Media leaders should stop seeing diversity as a “nice to have” and treat it as a a “must have” instead. That was determined by the latest study titled “Are Journalists Today’s Coal Miners? The Struggle for Talent and Diversity in Modern Newsrooms”, published on 15 July by the Reuters Institute in cooperation with the Johannes Gutenberg University of Mainz. The research investigated 28 news organisations and journalism schools in Germany, Sweden, and the United Kingdom.

“Journalists must reach out to audiences that are becoming more and more diverse while newsrooms must be made attractive to a young and diverse talent pool,” the study says. Speaking about diversity, it examines not only the amount of migrants, but also the presence of people from the working class, rural areas and different gender.

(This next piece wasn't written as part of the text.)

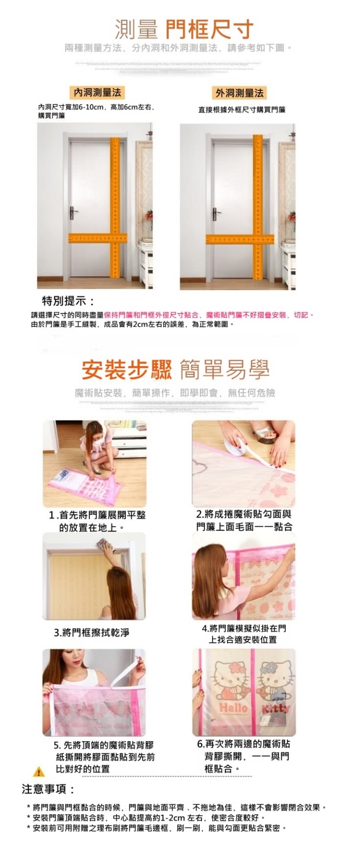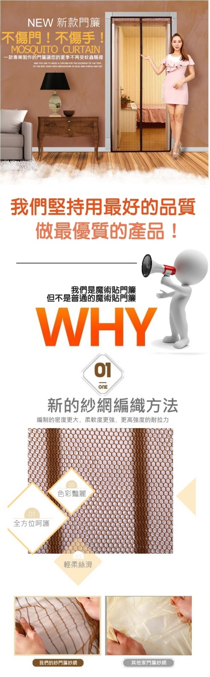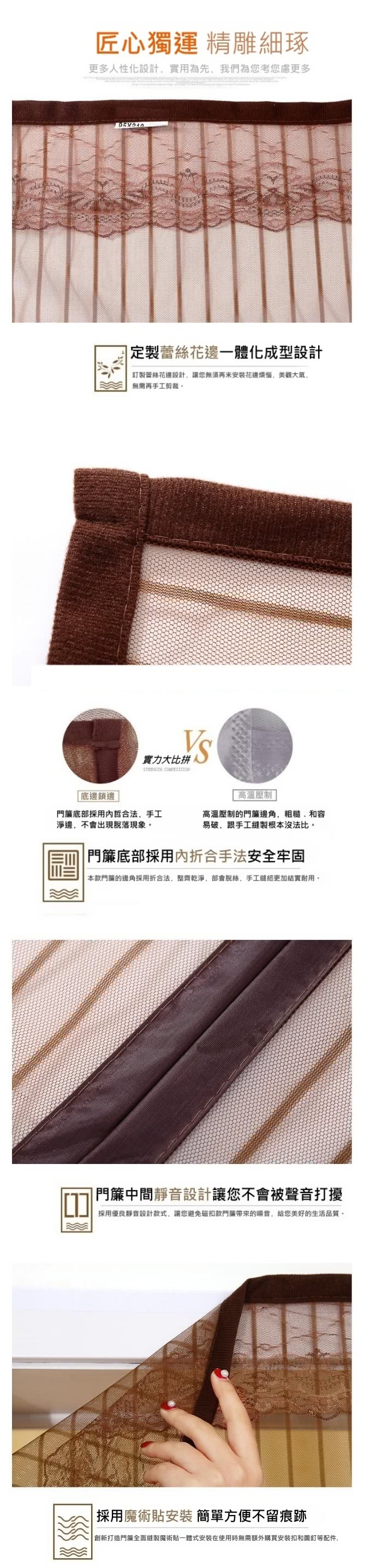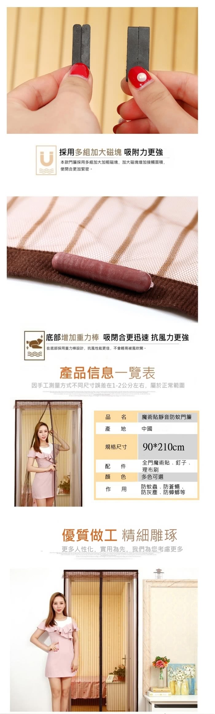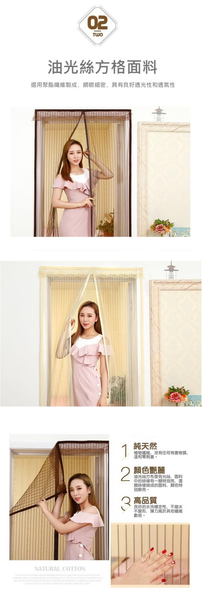 免釘亮光絲素面手工縫紉邊超靜音免穿磁條防蚊門簾90*210cm

  • How heads of newsrooms and journalism schools see diversity in their institutions

All respondents showed a high awareness of the lack of diversity and saw a high potential to regain their readership’s trust through improving their newsroom’s diversity. Unfortunately, their perception of already doing a lot was encountered in the group discussions, where German students “didn’t see any convincing efforts on the part of media organisations or journalism programmes to increase and manage diversity.”

  • Best practices how to increase diversity

Many journalism schools see a high potential in partnerships with foundations and scholarships in order to attract people with different ethnic backgrounds or from the working class. UK’s Editors in chief even created their own apprenticeship to help people who cannot afford a university education. Several media also have their own programs presenting the profession mostly targeting schools for underprivileged pupils. Furthermore, the respondents considered mentorship programs and a specific advertisement in the Facebook-feeds of target groups as highly effective.

To bring more women into top positions, German private broadcaster RTL has developed leadership positions which can be shared by several employees. UK’s “The Telegraph has introduced ’50/50′ shortlists, selecting an equal number of male and female candidates across all career levels when it comes to hiring decisions.” To reach gender parity in their products, Dagens Nyheter and the Financial Times now use gender-bots to track how many female or male experts and sources are quoted.

  • How to address the issue?

First of all, the newsrooms need a culture inviting minorities to speak up and also to listen to them. A first step could be to keep track of the newsroom diversity through metrics. Recruitment should be more proactive, with a clear strategy of how to reach diverse people. Once hired, diverse candidates will most likely need more management attention, for example additional language training or support with housing in expensive metropolitan areas. In the end, the study says that “all the diversity initiatives in the world are useless if underlying structural forms of discrimination, sexism and racism are not confronted.”

The study results of interviews with 18 leading news executives and ten heads of journalism schools. The team also conducted an online survey and four focus groups among German journalism students. The full study can be downloaded here.

The research was driven by Alexandra Borchardt, Julia Lück, Sabine Kieslich, Tanjev Schultz and Felix M. Simon.